Thank you so much for your reply. Using “–CAMI_format_output” produces the taxonomy column similar to the CAMI gold standard. However, the percentage is different. Please see the attached files “goldstandard_high_1.profile.txt” and “RH_S001__insert_270.profile.txt”, respectively for CAMI gold standard and MetaPhlAn3. My understanding is that the CAMI included plasmid and others in the relative abundance calculation whereas MetaPhlAn does not include them. Therefore, I was wondering if removing the unidentified portion from strain-level data, converting it to 100%, and agglomerating at the species level, would make the CAMI result equivalent to MetaPhlAn 3.

Regards,
Nazmul
RH_S001__insert_270.profile.txt (98.5 KB)
goldstandard_high_1.profile.txt (253.3 KB)
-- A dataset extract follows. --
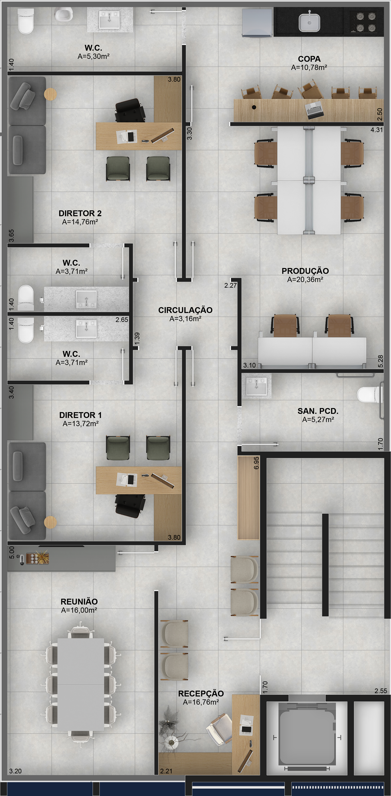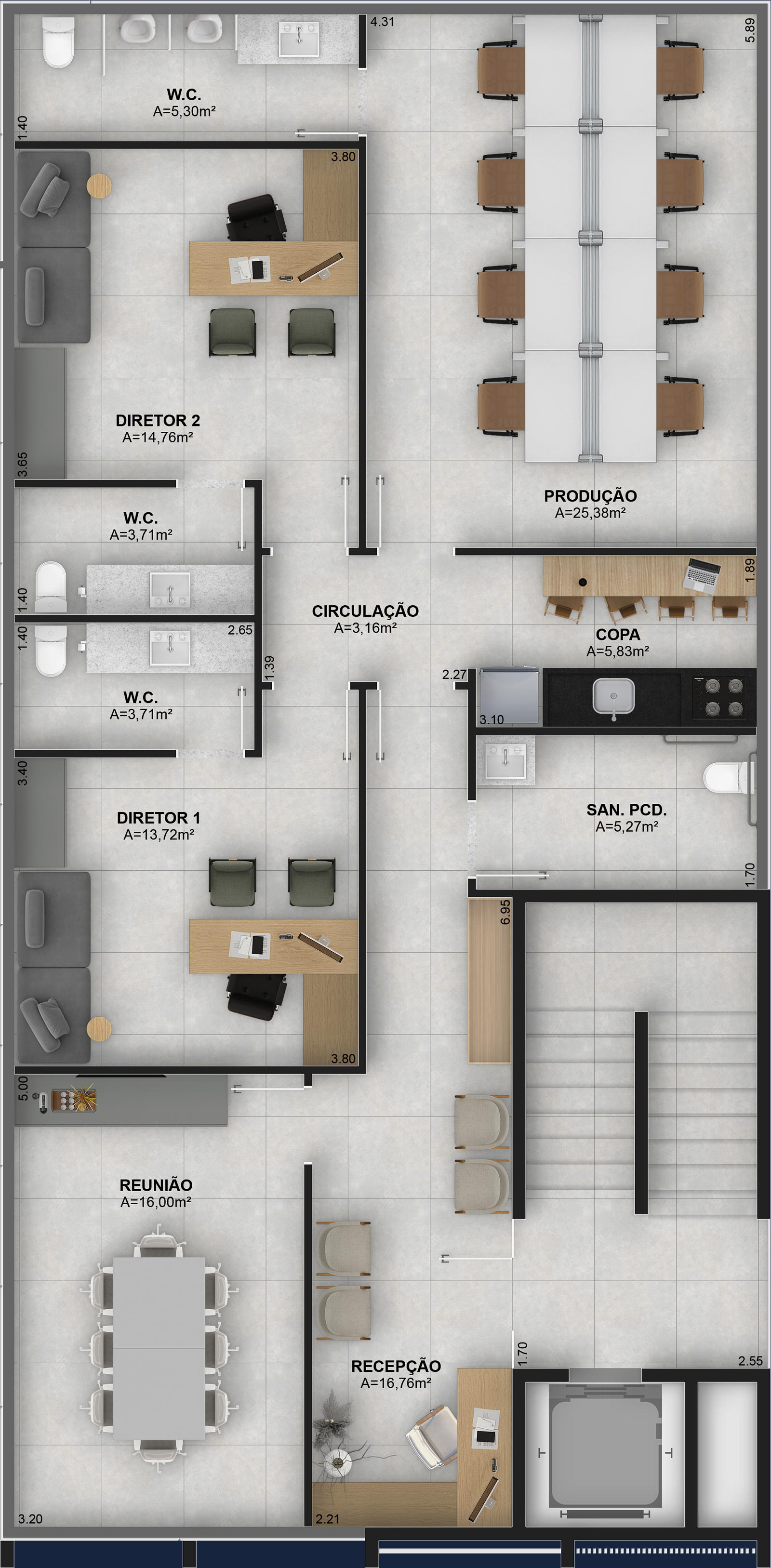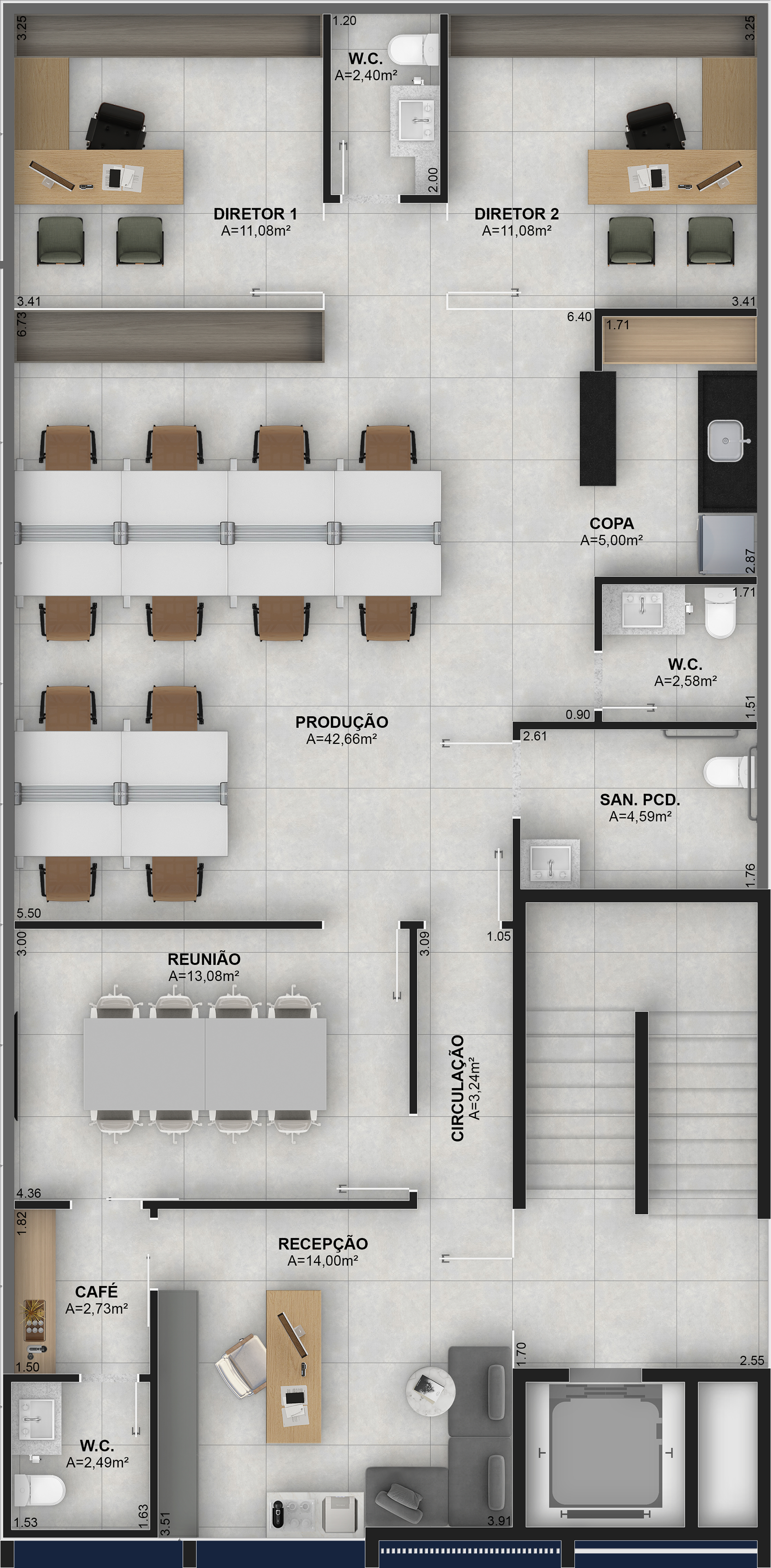 2 lajes corporativas por prédio, cada uma com 140m² (área privativa)

Hi @Nazmul_Huda , if CAMI includes plasmid and others in the relative abundance calculation, you are right and the percentages cannot be directly compared to MetaPhlAn3. However, I think your proposal would work!

Thank you so much for confirming.

Open-community Profiling Assessment tool (OPAL) has all the required tools to evaluate CAMI results. Additionally, CAMI2 sequence data is suggested instead of CAMI1 since CAMI1 is several years old. I used the mouse gut dataset which is available here and here.